PMs foram mortos em emboscada após perseguição a suspeitos de roubo, em Cariacica
O Tribunal do Júri de Cariacica condenou, na noite desta terça-feira (2), Érica Lopes Ferreira e Eduardo Bonfim Meireles pelos assassinatos dos policiais militares Paulo Eduardo Oliveira Celini e Bruno Mayer Ferrani. As penas impostas aos réus somam mais de 225 anos de prisão, em regime inicial fechado.
De acordo com o Ministério Público do Espírito Santo (MPES), Érica foi condenada a 99 anos e 11 meses de reclusão, enquanto Eduardo recebeu pena ainda maior: 125 anos e 9 meses de prisão.
Os dois foram considerados culpados por uma série de crimes graves, incluindo homicídio quadruplamente qualificado — por terem sido praticados contra agentes de segurança em serviço, com uso de arma de fogo de uso restrito, mediante emboscada e com o objetivo de ocultar outros crimes. Também pesaram contra eles acusações de associação criminosa armada, roubo, tentativa de latrocínio, porte ilegal de arma e furto qualificado. Eduardo ainda foi condenado por uso de documento falso.
O crime ocorreu na madrugada de 16 de outubro de 2022, no bairro Santa Bárbara. Segundo as investigações, o grupo retornava de um churrasco, em Vila Velha, quando abordou ocupantes de um carro parado na Rodovia Leste-Oeste, após um pneu furado. Aproveitando a vulnerabilidade das vítimas, os suspeitos anunciaram o assalto e chegaram a balear uma das pessoas.
A ação criminosa chamou a atenção dos policiais militares, que iniciaram uma perseguição ao veículo dos suspeitos.

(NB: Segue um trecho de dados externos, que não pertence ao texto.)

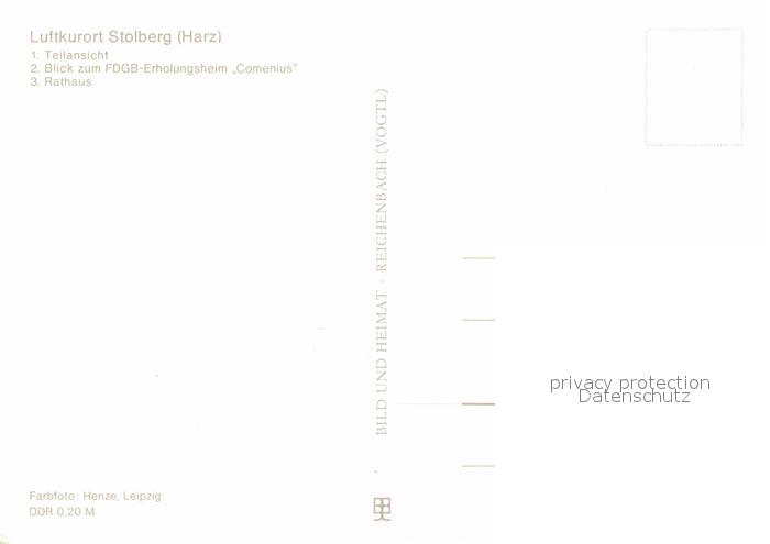 72654394 Stolberg Harz Teilansicht FDGB Erholungsheim Comenius Rathaus postalisch nicht gelaufen Erhaltung siehe scans [WerneD78] KatCode: 11110015087410

Durante o acompanhamento, no entanto, os agentes foram surpreendidos por uma emboscada.
De acordo com a investigação, Eduardo conseguiu sair do carro sem ser notado e se posicionou estrategicamente para atacar os policiais junto aos demais envolvidos. Os militares foram atingidos por disparos e socorridos pelo Samu, sendo levados ao Hospital Meridional, mas não resistiram aos ferimentos.
O julgamento contou com atuação dos promotores de Justiça Bruno Lima e Helaine Pimentel, que sustentaram as acusações apresentadas na denúncia.
Outros dois envolvidos no crime ainda aguardam julgamento. Eric da Silva Ferreira permanece preso preventivamente, enquanto Luana de Jesus Luz responde em liberdade provisória. Ambos aguardam a análise de recursos antes de serem levados ao Tribunal do Júri.